Former Attorney General William Barr said this week that he does not believe the Jan. 6, 2021, attack carried out on the U.S. Capitol by supporters of former President Trump amounts to an insurrection.
“I didn’t view it as an insurrection. I mean, I think it was a riot that got out of control,” Barr said during an interview with NPR that was published on Monday.
When asked about calls from the mob that came to the Capitol that day to hang former Vice President Mike Pence, Barr he “thought that that was essentially a propaganda-type thing.”
Barr has granted a number of interviews to promote his forthcoming book about his time serving as Trump’s attorney general.
Last week, he sat with NBC News anchor Lester Holt for a wide-ranging conversation about serving under Trump, the 2020 election and special counsel Robert Mueller’s investigation into Russian election interference, his handling of which was widely criticized by Democrats and the media.
“I do think he was responsible in the broad sense of that word, and that it appears that part of the plan was to send this group up to the Hill,” Barr told Holt of Trump’s responsibility in the riot. “I think the whole idea was to intimidate Congress, and I think that that was wrong.”
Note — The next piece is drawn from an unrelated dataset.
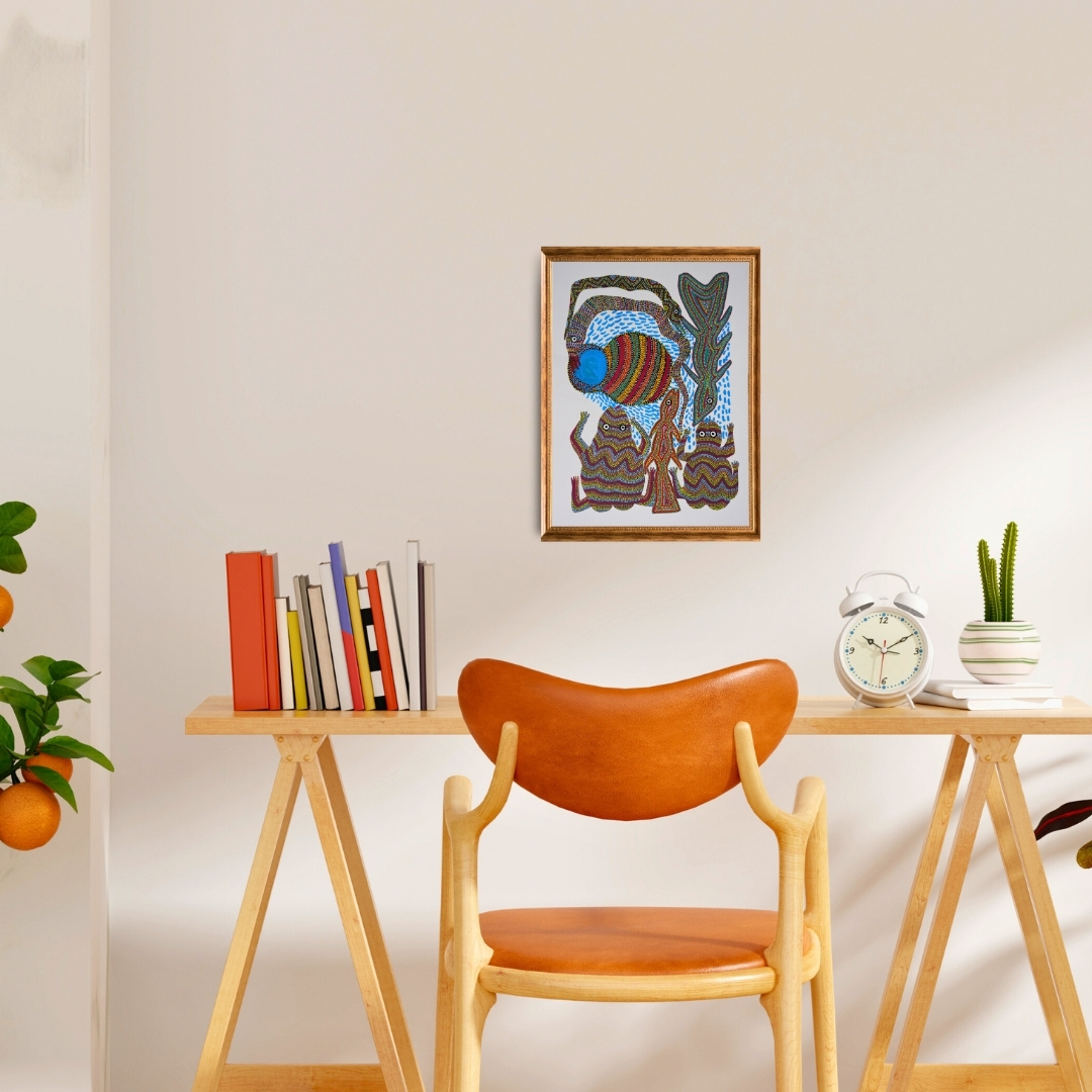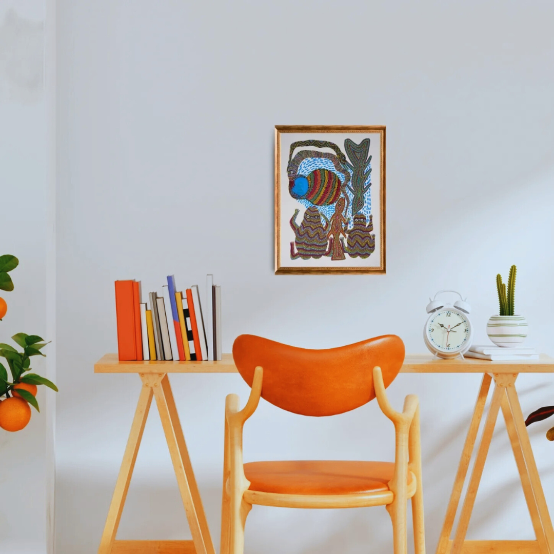 In "The Forest Gathering," Ramesh Katara, a Bhil artist, brings to life a lively mix of forest creatures in a joyous tribute to nature. Using his unique stippled dot technique, he paints frogs, lizards, snakes, and a large insect-like creature that curls around a bright blue orb—perhaps a symbol of water or the Earth. These animals are dressed in colorful, rhythmic patterns and set against a backdrop of blue droplets, evoking the idea of rain or a water-rich environment. The artwork feels whimsical and carries a deeper meaning, representing the unity, diversity, and sacred connection that all living beings have with their surroundings.

Trump, in a scathing letter to NBC News over the weekend responding to Barr, called his former attorney general weak and lethargic.
“I made many great appointments during my Administration, and we accomplished more than most Administrations could even dream of, but Bill Barr was not one of my better picks,” Trump wrote in his letter. “He crumbled under the pressure, and bowed to the Radical Left—And that is not acceptable. Now he is groveling for the media, hoping to gain acceptance that he doesn’t deserve.”
Barr responded to Trump’s letter during an interview on the Today Show on Monday, calling his comments “childish.”